[INSTRUCTIONS FOR THE TASK] Could you write out the listing below exactly as it stands, leaving out the pictures?

** COLLECTED DATA follows **

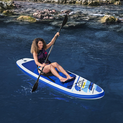 Explore shorelines, rivers and even catch waves with the Hydro-Force™ Oceana Tech Stand Up Paddle Board (SUP). At 3.05 Meters/10ft this board has been designed to offer optimum strength, stability and control for when you are out on the water. 12cm thick and made from renowned TriTech™ material and coupled with the extremely rigid Drop Stitch™ Material, this board can comfortably support a rider of up to 120kg. A great all-rounder this SUP has a shape which ensures great stability and speed in every water condition. Supplied with the ultra-lightweight adjustable 4 piece aluminium paddle, you can set it up to suite your paddling style. Setting up the Ocean Tech is easy, simply inflate the SUP with the included hand pump and you can be out on the water in a matter of moments. Supplied with a seat and footrest, you can paddle whilst sitting down. However if you do want to stand up, the non-slip traction pad ensures you keep your balance. With one streamline fin, the Oceana Tech SUP provides you with total directional stability and manoeuvrability when out on the water. The Oceana Tech even comes with a deluxe travel bag, a surf leash and one repair kit so you can transport and maintain your board with ease
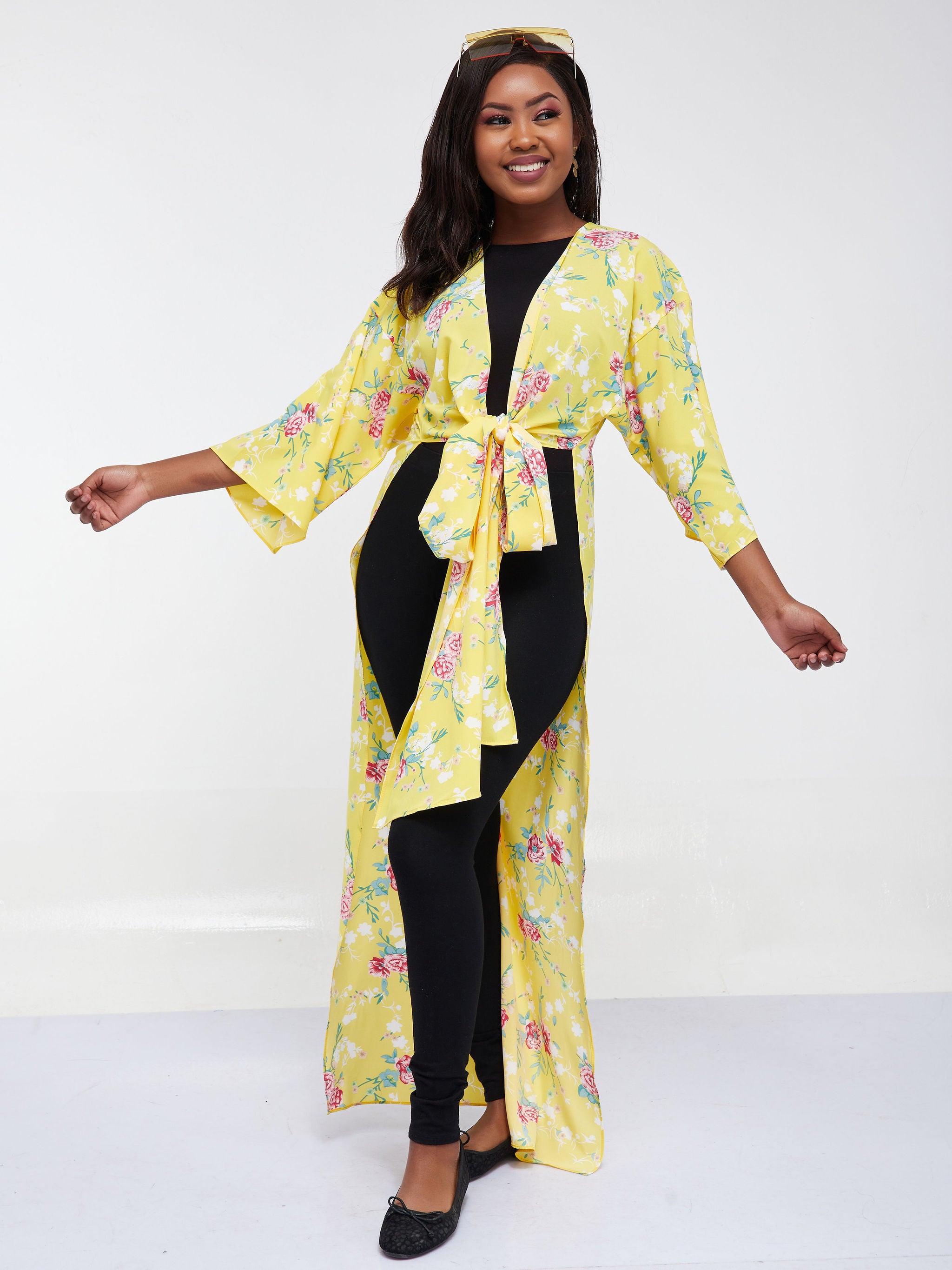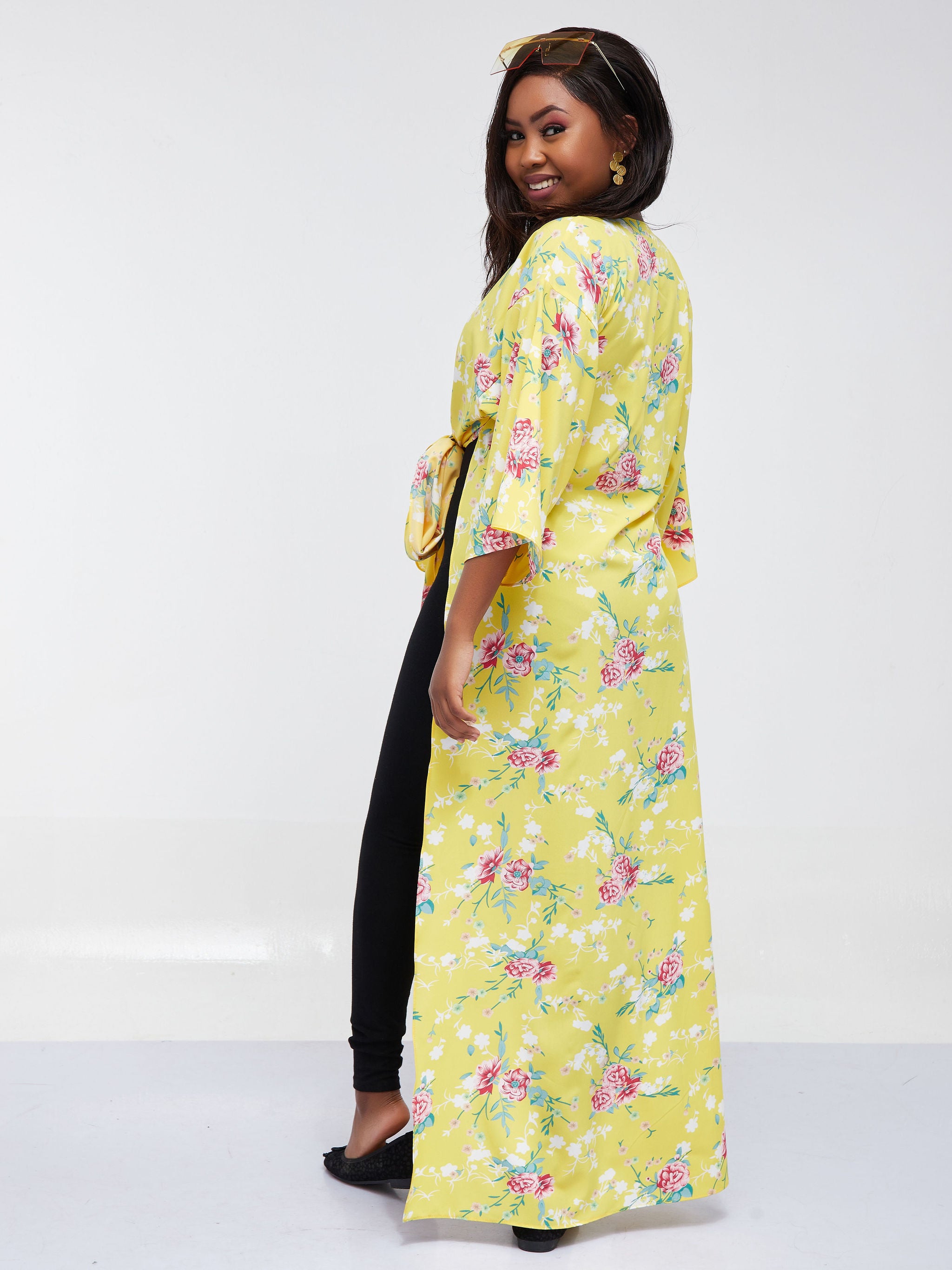Safari Maisha High Slit Kimono - Yellow Floral Print
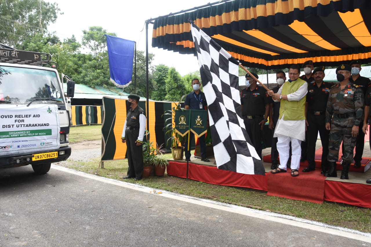 देहरादून 31 जुलाई।मुख्यमंत्री पुष्कर सिंह धामी ने 127 ईको बटालियन, गढ़ी कैंट में अपर महानिदेशक प्रादेशिक सेना जनरल गुलाब सिंह रावत द्वारा प्रदान की गई कोविड राहत सामग्री का फ्लैग ऑफ किया। प्रदेश के दूरस्थ क्षेत्रों के लिए इस कोविड राहत सामग्री का प्रबंध 127 बटालियन प्रादेशिक सेना गढ़वाल राइफल्स द्वारा विभिन्न गैर सरकारी संगठनों के माध्यम से की गई।
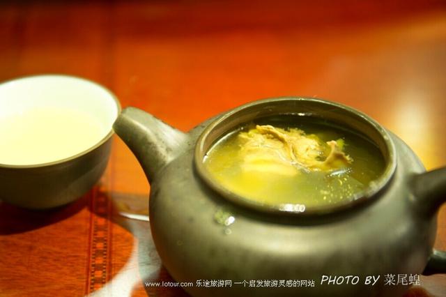 清蒸葵花鸡:原汁原味,几乎不加调料。热腾腾的鸡端上来,鸡肉带点淡黄,集清甜、甘香、骨脆的特点于一身,而且有美容养颜的功效。

** End of COLLECTED DATA **

[REPLY TO THE EXERCISE]
 Explore shorelines, rivers and even catch waves with the Hydro-Force™ Oceana Tech Stand Up Paddle Board (SUP). At 3.05 Meters/10ft this board has been designed to offer optimum strength, stability and control for when you are out on the water. 12cm thick and made from renowned TriTech™ material and coupled with the extremely rigid Drop Stitch™ Material, this board can comfortably support a rider of up to 120kg. A great all-rounder this SUP has a shape which ensures great stability and speed in every water condition. Supplied with the ultra-lightweight adjustable 4 piece aluminium paddle, you can set it up to suite your paddling style. Setting up the Ocean Tech is easy, simply inflate the SUP with the included hand pump and you can be out on the water in a matter of moments. Supplied with a seat and footrest, you can paddle whilst sitting down. However if you do want to stand up, the non-slip traction pad ensures you keep your balance. With one streamline fin, the Oceana Tech SUP provides you with total directional stability and manoeuvrability when out on the water. The Oceana Tech even comes with a deluxe travel bag, a surf leash and one repair kit so you can transport and maintain your board with ease
Safari Maisha High Slit Kimono - Yellow Floral Print
 देहरादून 31 जुलाई।मुख्यमंत्री पुष्कर सिंह धामी ने 127 ईको बटालियन, गढ़ी कैंट में अपर महानिदेशक प्रादेशिक सेना जनरल गुलाब सिंह रावत द्वारा प्रदान की गई कोविड राहत सामग्री का फ्लैग ऑफ किया। प्रदेश के दूरस्थ क्षेत्रों के लिए इस कोविड राहत सामग्री का प्रबंध 127 बटालियन प्रादेशिक सेना गढ़वाल राइफल्स द्वारा विभिन्न गैर सरकारी संगठनों के माध्यम से की गई।
 清蒸葵花鸡:原汁原味,几乎不加调料。热腾腾的鸡端上来,鸡肉带点淡黄,集清甜、甘香、骨脆的特点于一身,而且有美容养颜的功效。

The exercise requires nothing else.